You are welcome. I love thinking and discussing mythology and religion.

> It did not seem to me that gods would be source of justice. They are source of power and have own politics that is independent of right and wrong.

In general, I agree with this statement. I think one needs to stretch to find justice in the Odyssey, and even more so in the Iliad. That being said, I do believe there are some early inklings of justice and morality which evolved and grew with Greek civilization, and by the later classical period, Zeus was increasingly associated with Justice.

Also, Hesiod, who wrote at about the same time as Homer, certainly associated justice with Zeus. Here is a quote from Works and Days:

> You too, my lords, attend to this justice-doing of hours. For close at hand among men there are immortals taking note of all those who afflict each other with crooked judgements, heedless of the gods' punishment. Thrice countless are they on the rich-pastured earth, Zeus' immortal watchers of mortal men, who watch over judgements and wickedness, clothed in darkness, traveling about the land on every road. And there is the maiden Right, daughter of Zeus, esteemed and respected by the gods in Olympus; and whenever someone does her down with crooked abuse, at once she sits by Zeus her father, Kronos' son, and reports the men's unrighteous mind, so that the people may pay for the crimes of their lords who balefully divert justice from its course by pronouncing it crooked.

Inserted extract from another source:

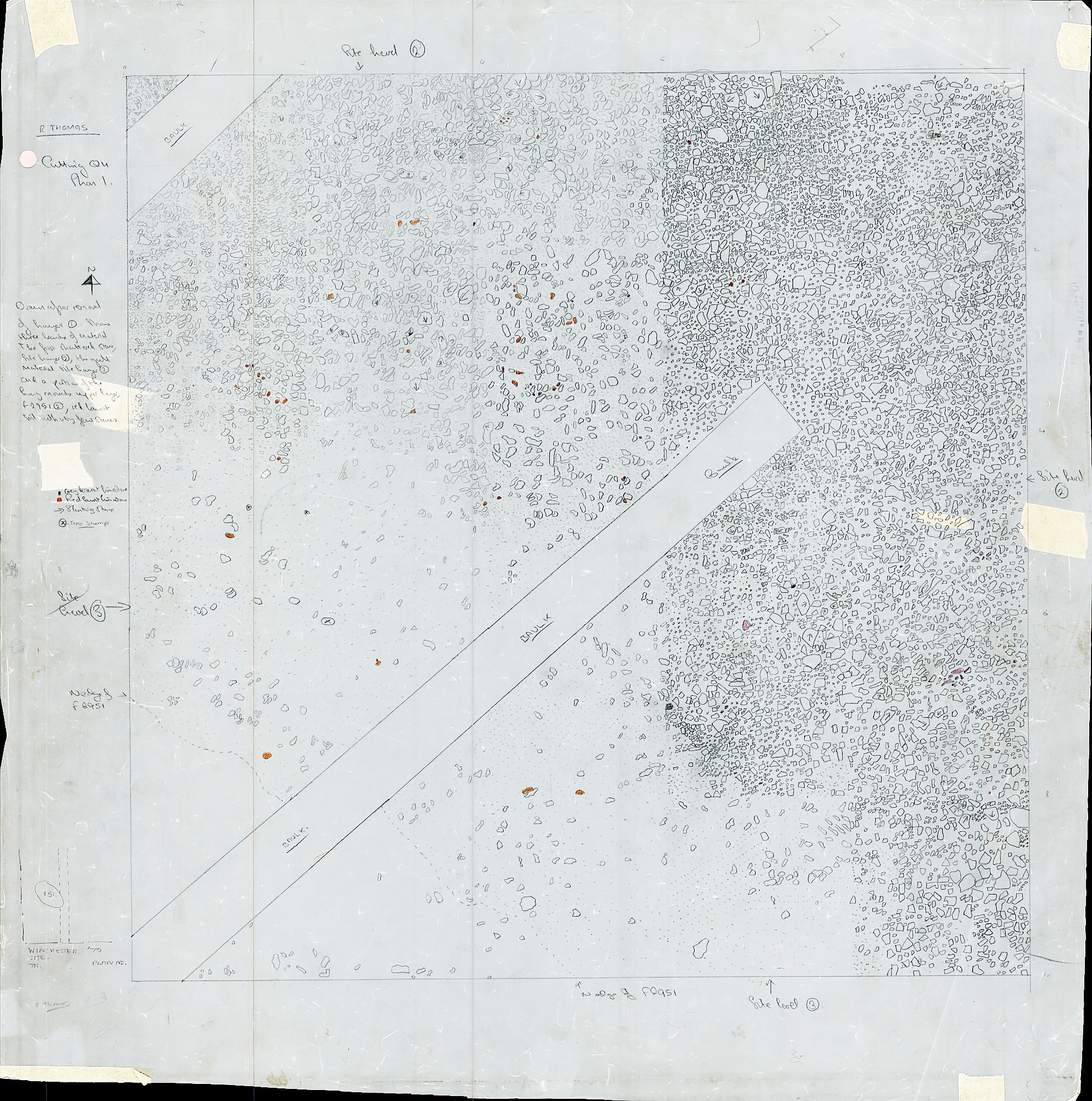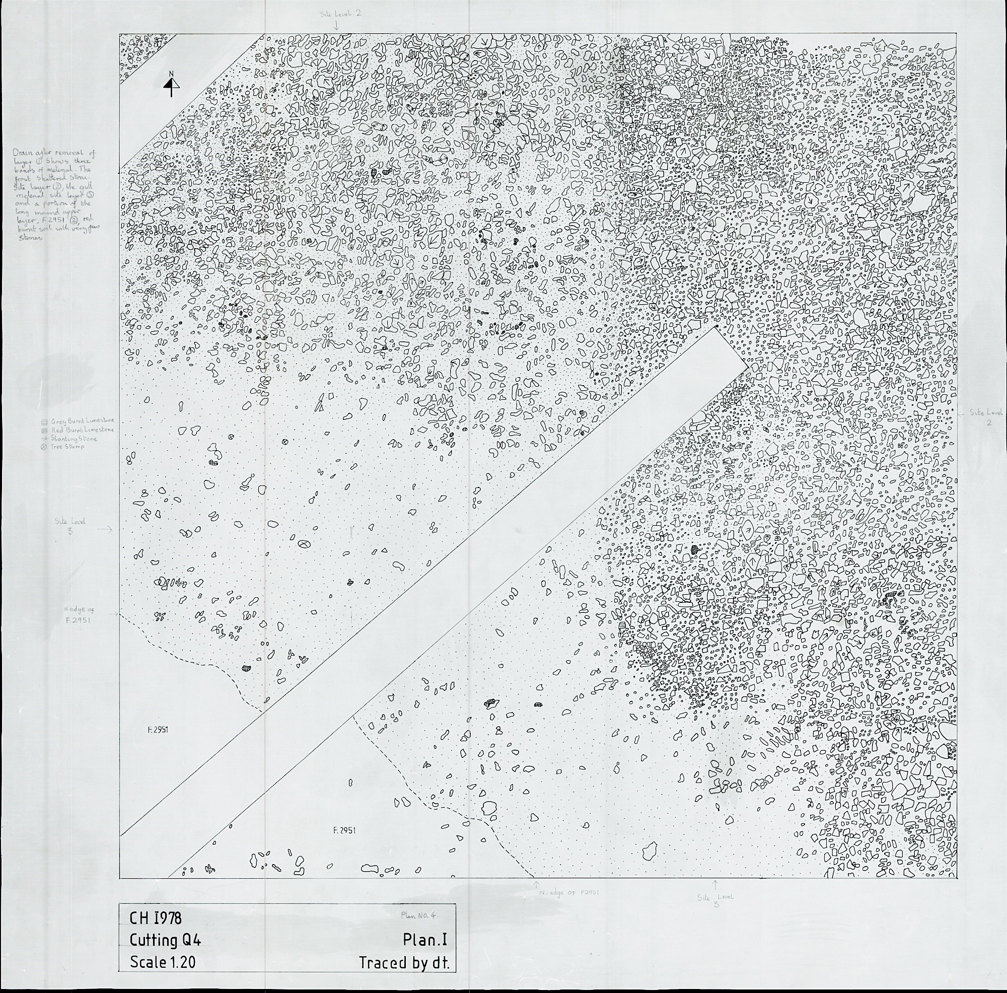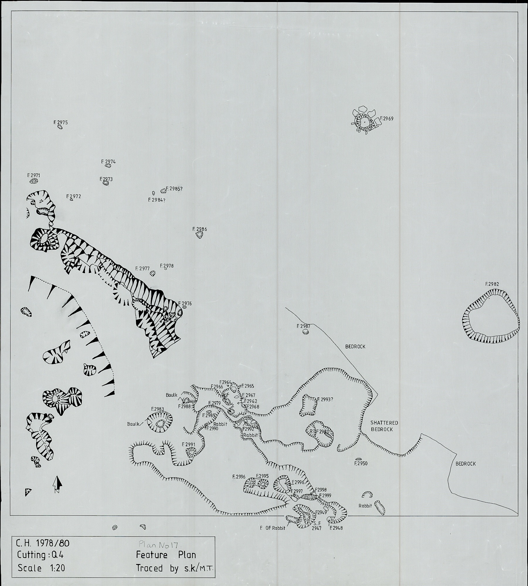 This cutting represents a clear transition both topographically and archaeologically. It runs down the slope into the Long Mound valley, and the SE part of the square laps onto the mound itself. In the NW, traces of the bank of the Continuous ditch enclosure occur, although the main bulk of this bank is further to the NW.

Homer mentions a somewhat similar (although different) idea in book 19 of the Iliad:

  "Zeus be my witness first, the highest, best of gods!
  Then Earth, the Sun, and Furies stalking the world below
  to wreak revenge on the dead who broke their oaths---
  I swear I never laid a hand on the girl Briseis
Hesiod wasn't as influential as Homer, but he was still quite influential on Greek culture. There is a story that Hesiod and Homer had a poetry competition, and Hesiod won. Anyway, this idea of justice appears to have been present in both authors to a very limited degree.

The 1951 article, "The Gods of Homer," by G. M. A Grub, has an interesting discussion of morality in Homer and how it evolved. You can read the article for free, if you have a JSTOR account, here:

https://www.jstor.org/stable/1086075

Grube's main premise is that the gods of Homer came from an earlier conception of the gods as "forces of nature." After Homer, or the poets before Homer, personified the gods, it was inevitable that they would become moralized over time. Grube believes that Homer is near the start of this process. This would explain why some of the stories in the Iliad and Odyssey represent the gods as being essentially unethical; these stores were from before the gods were expected to be moral.